The government has the burden of rebutting the presumption of prejudice which results when there is substantial omission from the record. United States v. Boxdale, 47 C.M.R. at 352. In the government’s favor, the appellant does not challenge the accuracy or the completeness of the Stipulation of Lost Testimony. He does not argue that the record of trial is insufficient for appellate review. He does not assert any harm. We note these facts in the context that the appellant first objected to having the witnesses re-testify at trial when the problem with the record was discovered; then concurred and fully participated in the process used to formulate the stipulation of the witnesses’ testimony. Now, however, he argues that that process was fatally flawed, error resulted, and relief should be granted. This is akin to the proverbial story of the child who, following conviction of the murder of his parents, argues for mercy because he is an orphan.

Nonetheless, we hold that the record of trial is insufficiently verbatim for us to discharge our heavy responsibility under Article 66(c), UCMJ, 10 U.S.C. § 866(c), for a case where Rule for Courts-Martial 1103(b)(2)(B) applies. This determination of sufficiency for appellate review is solely ours, notwithstanding the agreement of the parties at the trial level as to the purported accuracy and completeness of a reconstruction.2 The Stipulation of Lost Testimony is approximately eight double-*583spaced typewritten pages in length. It purports to reflect the direct and cross examination of four principal prosecution witnesses, a matter of importance on appeal. While we do not find the stipulation to be inaccurate or incomplete, we do find that reconstructing the entire testimony of several key witnesses without their participation and without a showing of their unavailability renders this record nonverbatim.

The cases of United States v. Lashley, 14 M.J. 7 (C.M.A.1982); United States v. Sturkey, 23 M.J. 522 (A.F.C.M.R.1986), and United States v. Garries, 19 M.J. 845 (A.F.C.M.R.1985) do not compel a contrary result. In each of those cases the testimony of those whose testimony was not recorded not only participated in the reconstruction but also re-testified. Those critical facts are lacking here.

We will grant the appellant appropriate relief in our decretal paragraph by affirming a sentence no greater than could be adjudged by a special court-martial not empowered to adjudge a punitive discharge where a verbatim transcript would not be required. United States v. Sturkey, 23 M.J. 522 (A.F.C.M.R.1986); Manual for Courts-Martial, United States, 1984, Rule for Courts-Martial 1103(c)(2).

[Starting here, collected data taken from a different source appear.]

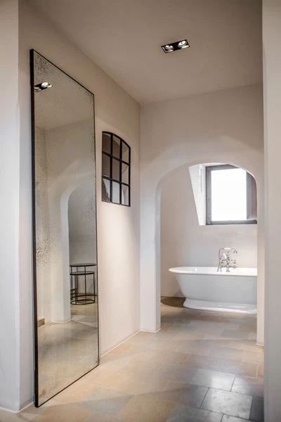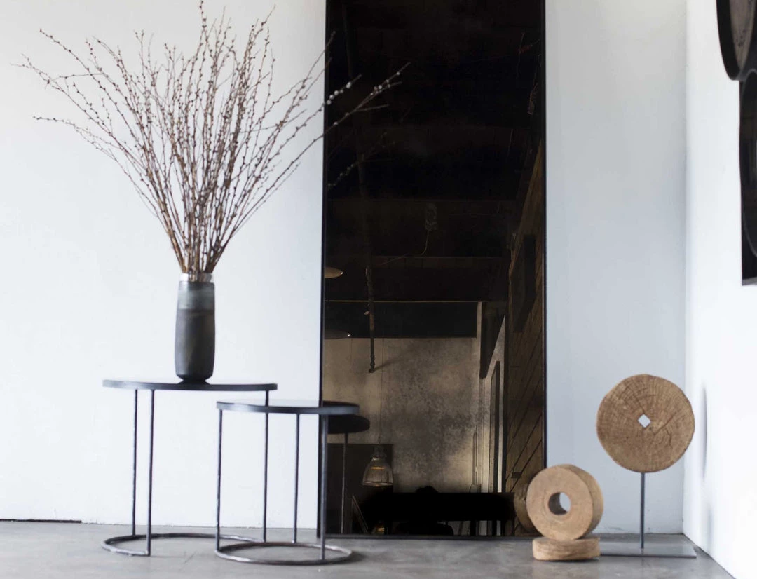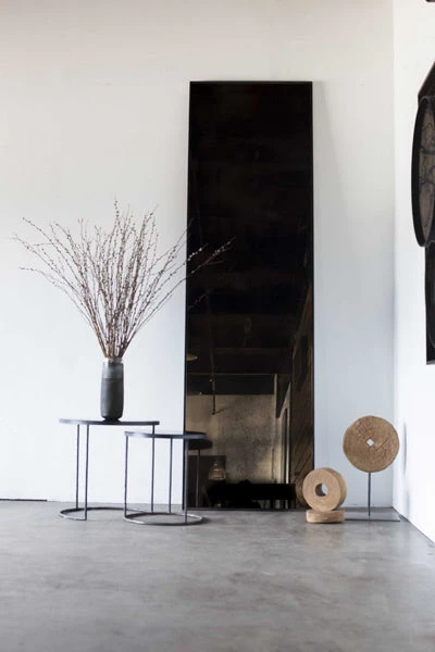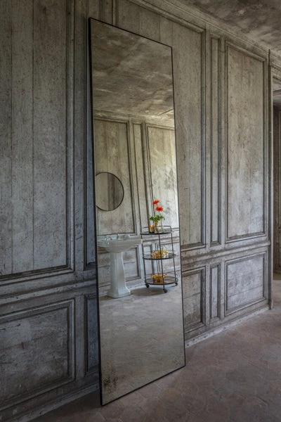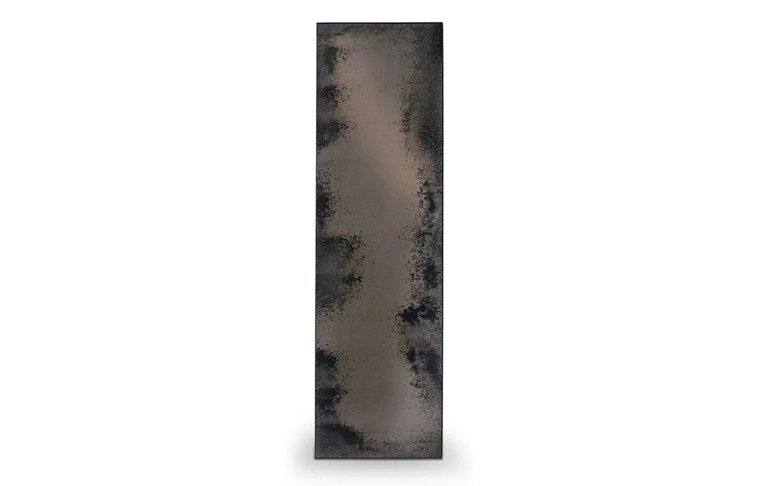 The effortless elegance of a polished aged mirror meets the raw industrial beauty of iron in this Bronze floor mirror. Hang the mirror on its own or display a number of them in your space to make a bold statement.
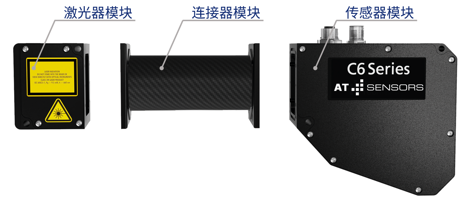 出厂组装及预校准3D激光三角传感器,包括: ● 传感器模块 ● 激光器模块 ● 连接器模块
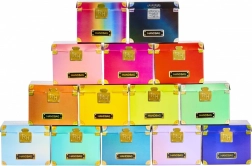 Iga käekott on stiilselt pakitud temaatilisse kohvrisse, mis sisaldab tolmukotti, paberist salvrätikut, kleebiseid ja tšekki koos dokumendiümbrisega.
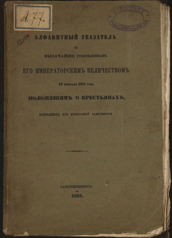 Алфавитный указатель по Высочайше утвержденным Его Императорским Величеством 19 февраля 1861 года Положениям о крестьянах, вышедших из крепостной зависимости.
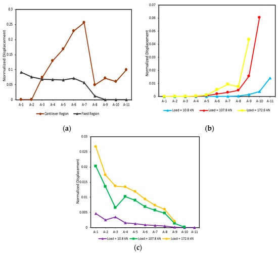 Displacement graph of (a) maximum, (b) cantilever region, and (c) fixed region.
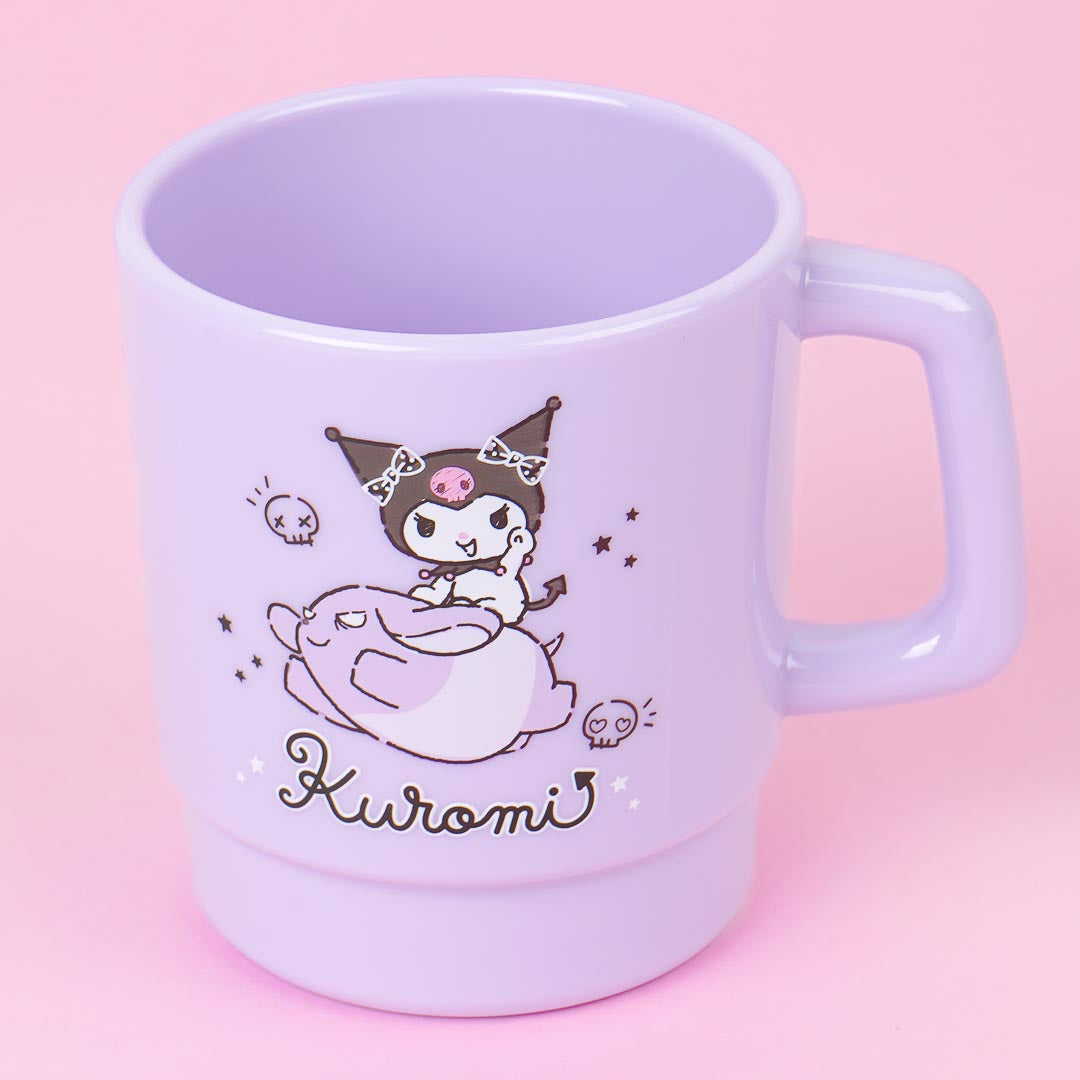 Use this kawaii purple mug when you want to drink hot or iced beverages! It’s decorated with prints of Kuromi and her sidekick, Baku having fun together! This useful mug can be stacked on top of cups with similar shape.

We have also considered the errors asserted personally by the appellant pursuant to United States v. Grostefon, 12 M.J. 431 (C.M.A.1982), and find them to be without merit.

The findings of guilty are affirmed. Reassessing the sentence on the basis of the error noted, the entire record, and United States v. Sales, 22 M.J. 305 (C.M.A. 1986), the court affirms only so much of the sentence as provides for confinement for six months, forfeiture of $502.00 pay per month for six months, and reduction to the grade of Private El.

Senior Judge FOREMAN and Judge HAGAN concur.

. In United States v. Sadler, 29 MJ. 370, 373 n. 3 (C.M.A.1990), the United States Court of Military Appeals noted that, “Discussion of instructions should be conducted on the record, rather than in a conference under R.C.M. 802, Manual for Courts-Martial, United States, 1984.” We strongly urge trial judges to give full effect to the guidance of Sadler, not only to facilitate appellate review, but also to avoid creating other potential appellate issues such as whether the record of trial is complete. See Article 54, UCMJ, 10 U.S.C. § 854 (1982). In this case, if Sadler's teaching had been followed, the confusion revealed by the record regarding the mistake of fact instruction may have been eliminated.

. We note that the preferred method for dealing with situations where portions of the trial have not been recorded is to explain to the members what has occurred, and what is going to be done to correct the situation; to give the members appropriate instructions to disregard what they saw and/or heard earlier; to consider only what they will see and/or hear being redone; to *583destroy any notes they may have taken, etc. United States v. English, 50 C.M.R. 824 (A.F.C.M.R.1975); United States v. Phillips, 15 MJ. 671 (A.F.C.M.R.1983).